CHHMA may wish to consider recommendations that could be made in its next pre-budget submission on this point.
The budget states as follows:
“…the Government of Canada is prepared to work with its partners – provinces and territories, their colleges and training institutions, business and labour, and individuals, all of whom have a role to play – to ensure that workers acquire the skills they need to succeed. Budget 2005 makes an additional investment of $125 million over the next three years to work with stakeholders in moving forward on a Workplace Skills Strategy. This will include:
Points to Consider
This budget provision seems largely targeted on federal/provincial/territorial agreements for workplace training. Given the nature of federal/provincial/territorial. training initiatives, the benefit to CHHMA members seems negligible. The final bullet should be regarded by CHHMA, however, as somewhat interesting. Consideration could be given to whether there are projects that might meet the criteria contained in this point. Of interest it the fact that this proposal is being made with no reference to sector councils.

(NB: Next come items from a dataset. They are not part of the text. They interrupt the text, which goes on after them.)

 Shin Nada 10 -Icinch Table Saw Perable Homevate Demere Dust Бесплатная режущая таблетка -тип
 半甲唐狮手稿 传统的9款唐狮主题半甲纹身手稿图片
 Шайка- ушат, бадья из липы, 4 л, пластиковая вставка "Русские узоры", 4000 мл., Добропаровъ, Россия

The budget points out that the Government proposes to introduce a new rate-setting mechanism that is expected to be in place for establishment of the 2006 rate. The budget
states a commitment to an employee rate for the next two years that will not exceed $1,95.
The budget announces that the Government is launching a consultation process with respect to financial institutions. The terms of reference for this study are contained as an Annex to the budget. Submissions are to be filed no later than June 1, 2005. A review of the terms of reference will be the subject of a separate AlphaLINK report to CHHMA..

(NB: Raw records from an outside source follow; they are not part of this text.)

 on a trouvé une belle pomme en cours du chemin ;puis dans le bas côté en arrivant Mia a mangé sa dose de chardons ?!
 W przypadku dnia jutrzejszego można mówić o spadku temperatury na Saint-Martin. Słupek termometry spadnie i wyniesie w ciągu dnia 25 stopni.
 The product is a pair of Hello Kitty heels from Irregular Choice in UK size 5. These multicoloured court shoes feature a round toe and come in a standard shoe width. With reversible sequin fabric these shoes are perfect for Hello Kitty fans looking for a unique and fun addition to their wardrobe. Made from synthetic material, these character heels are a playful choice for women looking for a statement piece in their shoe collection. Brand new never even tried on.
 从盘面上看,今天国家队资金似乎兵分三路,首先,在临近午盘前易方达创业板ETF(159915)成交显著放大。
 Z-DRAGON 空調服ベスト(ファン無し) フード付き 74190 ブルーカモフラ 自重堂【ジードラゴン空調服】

The budget announces that the Government is increasing the deposit insurance coverage limit from $60,000 to $100,000, effective immediately.
ENVIRONMENTAL OUTLOOK
EnerGuide for Houses Retrofit Incentive Program
The budget allocates $22.5 million over the next five years to quadruple the number of homes retrofitted under the EnerGuide for Houses Retrofit Incentive Program. The new level of funding is estimated to support energy efficiency improvements to a total of 500,000 homes by 2010.
Environmentally Friendly Vehicles
The budget states that the Government is negotiating with the auto manufacturing sector to achieve an agreement that would improve the fuel efficiency of vehicles sold in Canada. It is also considering the merits of a vehicle “feebate” which is described as providing a consumer rebate for fuel-efficient vehicles and imposing a fee on fuel-inefficient vehicles. The Government is asking the National Round Table on the Environment and the Economy to develop options for a feebate and to make recommendations for next year’s budget.
Sharing Gas Tax Revenue
The budget says it will commit $5 billion in new money from the federal gasoline excise tax to support environmentally sustainable infrastructure. In the coming 2005-06 fiscal year, this funding will be equivalent to 1.5 cents of the federal excise tax on gasoline,
rising to 2.0 cents in 2007-08; 2.5 cents in 2008-09; and 5 cents in 2009-10. Translated into dollars, $600 million will be allocated in the 2005-06 fiscal year, increasing to $2 billion in 2009-10.
SPENDING OUTLOOK
The budget is 273 pages long. It is not until page 264 that the Government reveals the cost of its spending program. The Program Expenses Outlook is as follows:
2004 2005 2006 2007 2008
2005 2006 2007 2008 2009
(millions of dollars)
Major transfers
to persons 43,248 44,854 46,786 48,864 50,876
Major transfers
to other levels
of government 39,063 37,496 39,978 42,785 44,591
Direct program
Expenses 75,822 78,979 82,754 86,285 90,336
Total 158, 133 161,329 169,517 177,934 185,803
Paying for this significant spending increase will depend on sustained GDP growth. The Government has estimated that this spending in 2004-05 will consume 12.2 per cent of GDP, dropping to 11.9 per cent in 2008-09. If GDP does not expand at the rate forecast on page two of this report, questions will emerge as to how this level of spending is to be financed…increased taxes, deficit budgets.